MATERIAL SUPPLIED Block Start
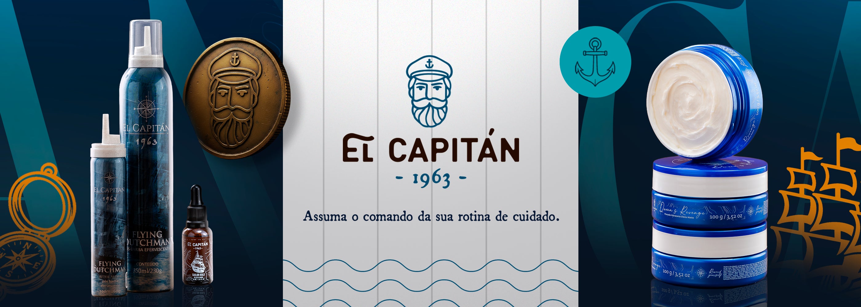 A marca de um verdadeiro capitão: óleos e balms que moldam, hidratam e trazem imponência à sua barba.
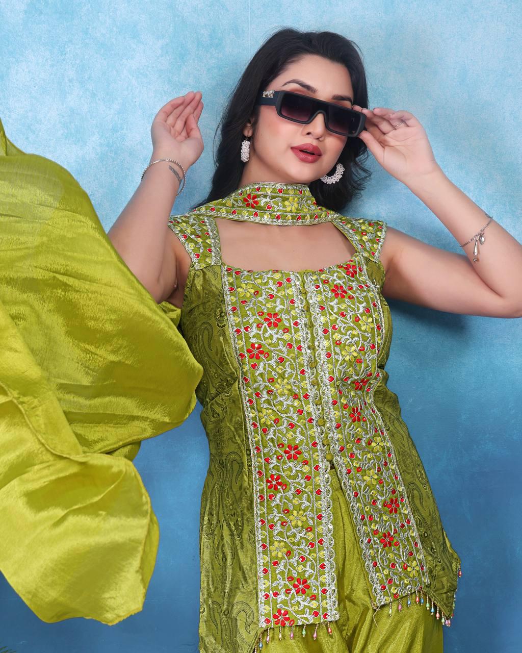 Lime Yellow Chinon With Sequins Work Salwar Suit
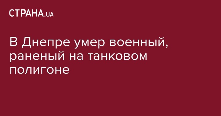 В Днепре умер военный, раненый на танковом полигоне
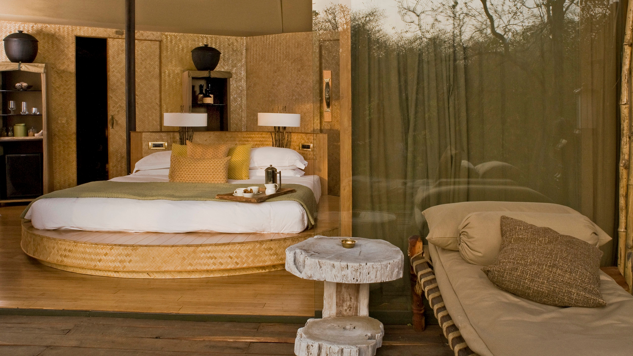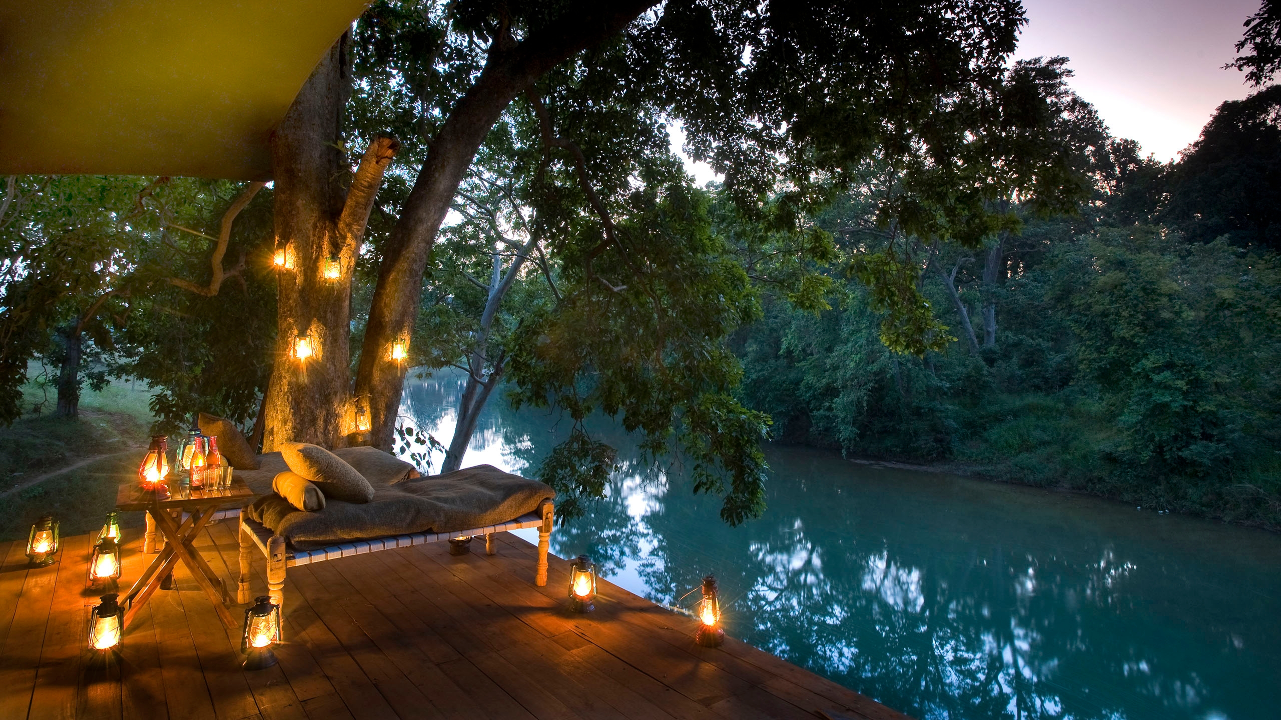 Delicious regional fare is served on the spacious dining decks or in the heart of the sal forest lit by lanterns. There’s also a swimming pool to watch wildlife from and library in which to find out more between twice daily game drives. You can also enjoy a personalized cookery lesson from the chef and enjoy a relaxing spa treatment in the wilderness.
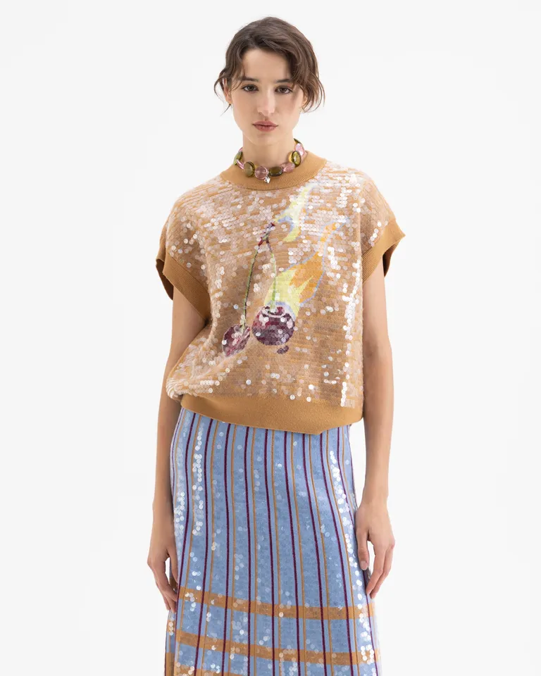 Chaleco de calce holgado con diseño bordado en el frente. Una prenda versátil ideal para sumar textura y detalle a tus outfits cotidianos. Cuenta con un diseño integral de lentejuelas que aporta brillo y movimiento, siendo una opción destacada para combinar con diversas prendas de tu guardarropa.
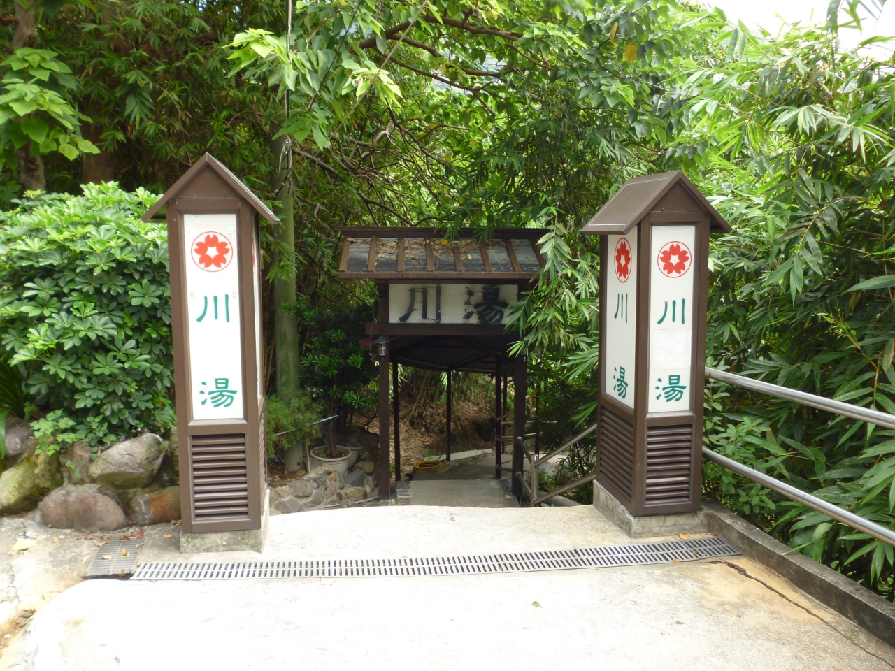 まず行き方は、MRT淡水線石牌駅から508路バス(だいたい15分毎)で、「行儀路三」で下車(約20分)、前方に30mほど進むと川湯の看板があるので、そこを本線の斜め右の道を100mほど下ると川湯の入り口があります。それから階段を50mほど下ると本館・食堂があり、左手に日本語が通じない受付、右手に温泉があります。
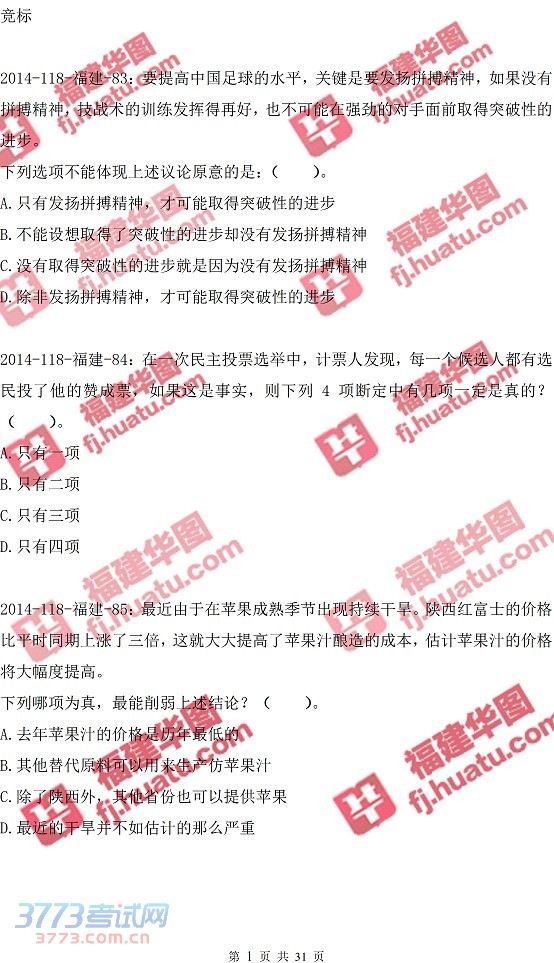 [组图]2014年福建省事业单位(11.8联考)招聘真题:判断推理真题
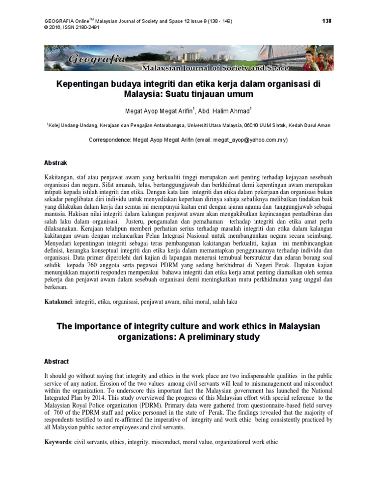 Pdf Integriti Daripada Perspektif Pengaduan Awam Satu Penelitian Di Jpj Malaysia
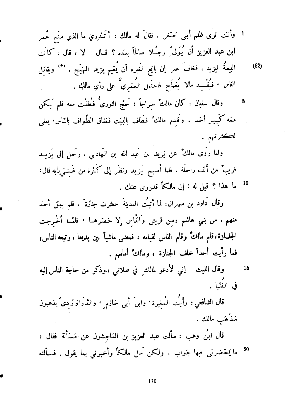 فقال له مالك تدري ما الذي منه عمر بن عبد العزيز أن يولى رجلاً صالحاً بعده؟ قال لا، قال كانت البيعة ليزيد فخاف عمر بن عبد العزيز إن بايع لغيره أن يقيم يزيد الهيج، ويقاتل الناس فيفسد ما لا يصلح.
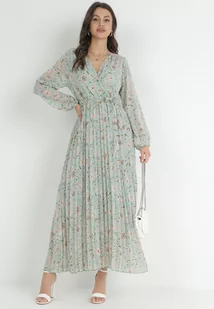 Miętowa Sukienka Maxi z Gumką w Talii i Plisowanym Dółem Danora
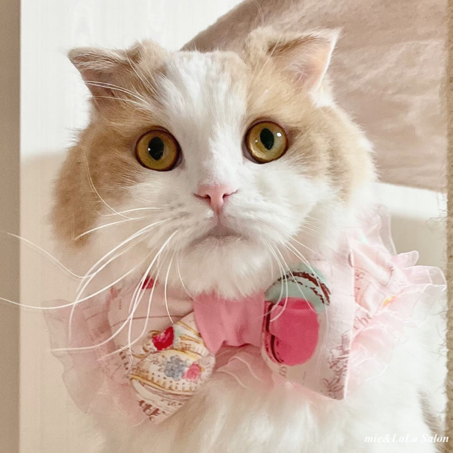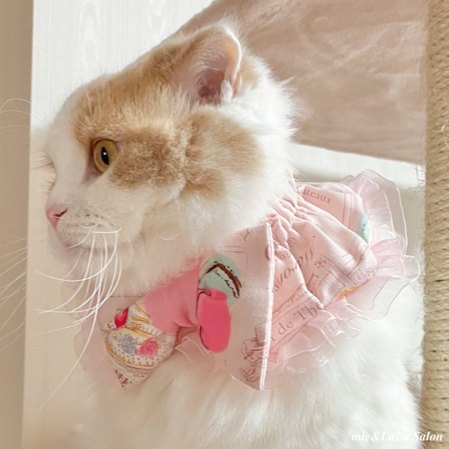 ペット用スイーツフリルビッグリボンシュシュ首輪୨୧
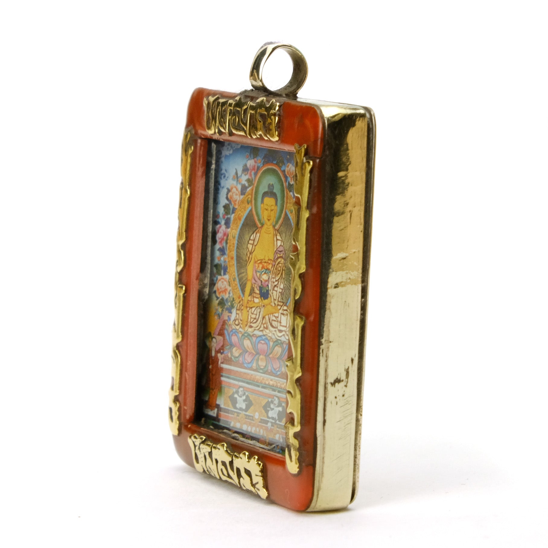 Tibetan Deity Shakyamuni Buddha Pendant Blue Howlite Border with Ohm Mani Padme Ohm Verse # 43 - 5
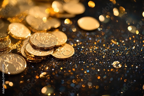 A price list elegantly positioned amid scattered gold coins, enhancing the rich visual appeal of the arrangement
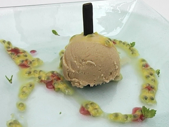 Необычный десерт для знатоков мороженого.Состав:лакрица — 3 палочки;молоко — 400 гр;желтки — 6 штук;вода — 100 гр;сахар — 150 гр;гренадилла — 2 штуки.
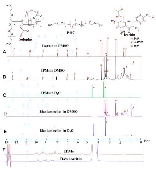 1H-NMR of icaritin in DMSO-d6 (A), IPMs in DMSO-d6 (B) and in D2O (C), and blank micelles in DMSO-d6 (D) and in D2O (E). (F) The HPLC chromatograms of raw icaritin and the loaded icaritin in the micelles. DMSO, dimethylsulfoxide; HPLC, high performance liquid chromatography; IPMs, icaritin-loaded polymeric micelles; P407, poloxamer 407.
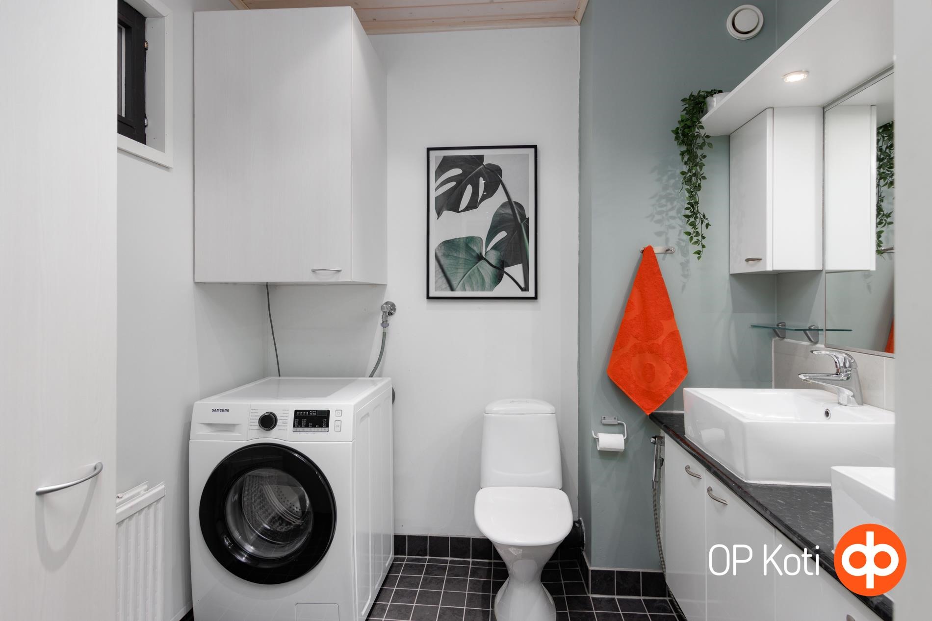 - Sauna, sähkökiuas, kylpyhuone, erillinen wc, suihku x 2, peilit, kaapit, allaskaappi, pesukoneliitäntä, lattialämmitys, kiinteät valaisimet.
MATERIAL SUPPLIED Block End
#### TASK DIRECTIONS
Copy every entry word for word, but omit the pictures.

#### OUTPUT OF THE TASK
 A marca de um verdadeiro capitão: óleos e balms que moldam, hidratam e trazem imponência à sua barba.
 Lime Yellow Chinon With Sequins Work Salwar Suit
 В Днепре умер военный, раненый на танковом полигоне
 Delicious regional fare is served on the spacious dining decks or in the heart of the sal forest lit by lanterns. There’s also a swimming pool to watch wildlife from and library in which to find out more between twice daily game drives. You can also enjoy a personalized cookery lesson from the chef and enjoy a relaxing spa treatment in the wilderness.
 Chaleco de calce holgado con diseño bordado en el frente. Una prenda versátil ideal para sumar textura y detalle a tus outfits cotidianos. Cuenta con un diseño integral de lentejuelas que aporta brillo y movimiento, siendo una opción destacada para combinar con diversas prendas de tu guardarropa.
 まず行き方は、MRT淡水線石牌駅から508路バス(だいたい15分毎)で、「行儀路三」で下車(約20分)、前方に30mほど進むと川湯の看板があるので、そこを本線の斜め右の道を100mほど下ると川湯の入り口があります。それから階段を50mほど下ると本館・食堂があり、左手に日本語が通じない受付、右手に温泉があります。
 [组图]2014年福建省事业单位(11.8联考)招聘真题:判断推理真题
 Pdf Integriti Daripada Perspektif Pengaduan Awam Satu Penelitian Di Jpj Malaysia
 فقال له مالك تدري ما الذي منه عمر بن عبد العزيز أن يولى رجلاً صالحاً بعده؟ قال لا، قال كانت البيعة ليزيد فخاف عمر بن عبد العزيز إن بايع لغيره أن يقيم يزيد الهيج، ويقاتل الناس فيفسد ما لا يصلح.
 Miętowa Sukienka Maxi z Gumką w Talii i Plisowanym Dółem Danora
 ペット用スイーツフリルビッグリボンシュシュ首輪୨୧
 Tibetan Deity Shakyamuni Buddha Pendant Blue Howlite Border with Ohm Mani Padme Ohm Verse # 43 - 5
 A price list elegantly positioned amid scattered gold coins, enhancing the rich visual appeal of the arrangement
 Необычный десерт для знатоков мороженого.Состав:лакрица — 3 палочки;молоко — 400 гр;желтки — 6 штук;вода — 100 гр;сахар — 150 гр;гренадилла — 2 штуки.
 1H-NMR of icaritin in DMSO-d6 (A), IPMs in DMSO-d6 (B) and in D2O (C), and blank micelles in DMSO-d6 (D) and in D2O (E). (F) The HPLC chromatograms of raw icaritin and the loaded icaritin in the micelles. DMSO, dimethylsulfoxide; HPLC, high performance liquid chromatography; IPMs, icaritin-loaded polymeric micelles; P407, poloxamer 407.
 - Sauna, sähkökiuas, kylpyhuone, erillinen wc, suihku x 2, peilit, kaapit, allaskaappi, pesukoneliitäntä, lattialämmitys, kiinteät valaisimet.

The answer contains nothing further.